■ WHAT NEEDS TO BE DONE ■
Starting at the line that contains "なすのミートスパゲティー、イタリアンサラダ、ミルクパン、牛乳", write out every line through the end of the records below exactly as it appears, and leave out all pictures.

■ DATA TO PROCESS ■

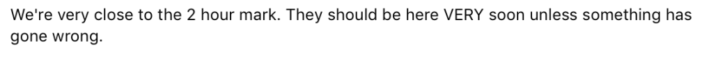 It was just a teensy misunderstanding, probably because of the flights changing. Except it wasn’t teensy after all.
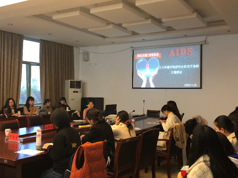 为迎接第33个世界艾滋病日,加强艾滋病知识的宣传教育、增强广大研究生预防艾滋病的意识和能力,传达健康的生活理念,金年会于11月25日下午在7-404由研究生辅导员刘华婷主持开展以“携手防疫抗艾,共担健康责任”为主题的班会,2019级和2020级全体研究生参加此次班会。
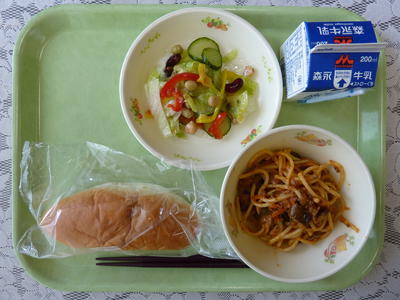 なすのミートスパゲティー、イタリアンサラダ、ミルクパン、牛乳
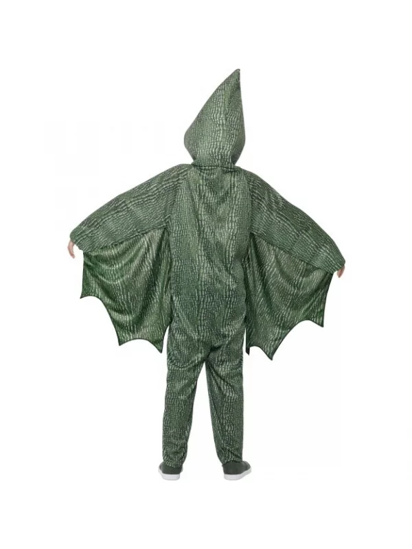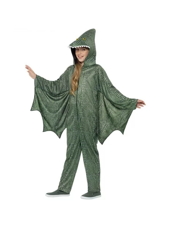 Ce déguisement de dinosaure est une combinaison complète. D’une seule pièce, ce costume est très facile à enfiler. Le tissu donne un aspect de peau d’écailles, un peu comme un reptile… Les grandes ailes aux bords pointus s’étendront lorsque votre enfant élèvera ses bras. La capuche représente la tête du dinosaure, avec ses deux yeux perçants jaunes et ses petits crocs blancs en triangle prêts à croquer tous ceux qui viennent l’embêter…
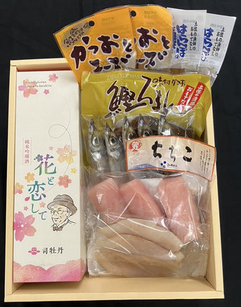 - 司牡丹 純米吟醸酒『花と恋して』720ml:1本、フグ一日干塩干(3枚)、ふか(さめ)塩干:3切、沖うるめ塩干:5尾、鰹ちちこ煮:1袋、鰹ろまん:1袋、かつおとチーズ:2袋、まるかじりハランボ:2袋
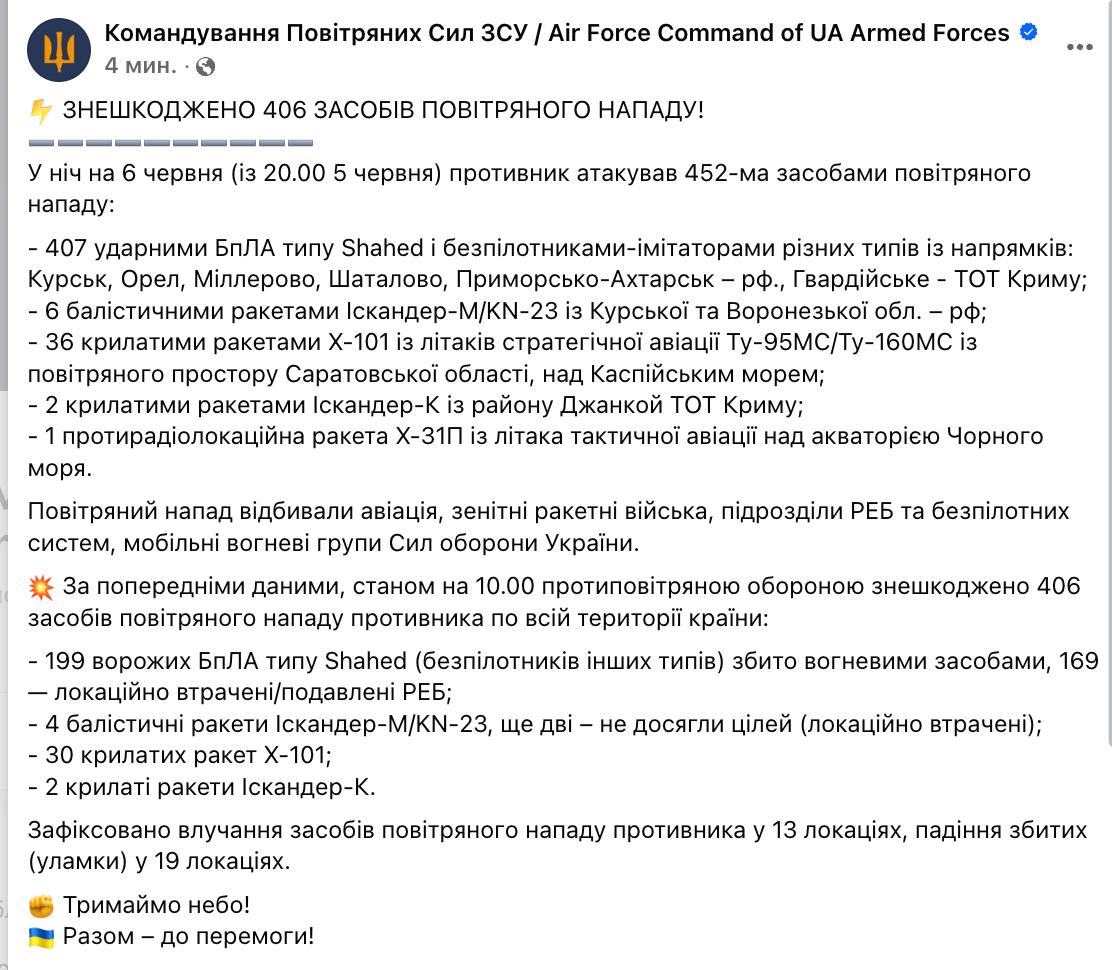 Сегодня ночью россияне атаковали Украину 452 средствами воздушного нападения. Среди них, 407 беспилотников, шесть баллистических ракет Искандер-М/KN-23, 36 крылатых ракет Х-101, две крылатые ракеты Искандер-К и одна противорадиолокационная ракета Х-31П.

■ ANSWER TO THE EXERCISE ■
 なすのミートスパゲティー、イタリアンサラダ、ミルクパン、牛乳
 Ce déguisement de dinosaure est une combinaison complète. D’une seule pièce, ce costume est très facile à enfiler. Le tissu donne un aspect de peau d’écailles, un peu comme un reptile… Les grandes ailes aux bords pointus s’étendront lorsque votre enfant élèvera ses bras. La capuche représente la tête du dinosaure, avec ses deux yeux perçants jaunes et ses petits crocs blancs en triangle prêts à croquer tous ceux qui viennent l’embêter…
 - 司牡丹 純米吟醸酒『花と恋して』720ml:1本、フグ一日干塩干(3枚)、ふか(さめ)塩干:3切、沖うるめ塩干:5尾、鰹ちちこ煮:1袋、鰹ろまん:1袋、かつおとチーズ:2袋、まるかじりハランボ:2袋
 Сегодня ночью россияне атаковали Украину 452 средствами воздушного нападения. Среди них, 407 беспилотников, шесть баллистических ракет Искандер-М/KN-23, 36 крылатых ракет Х-101, две крылатые ракеты Искандер-К и одна противорадиолокационная ракета Х-31П.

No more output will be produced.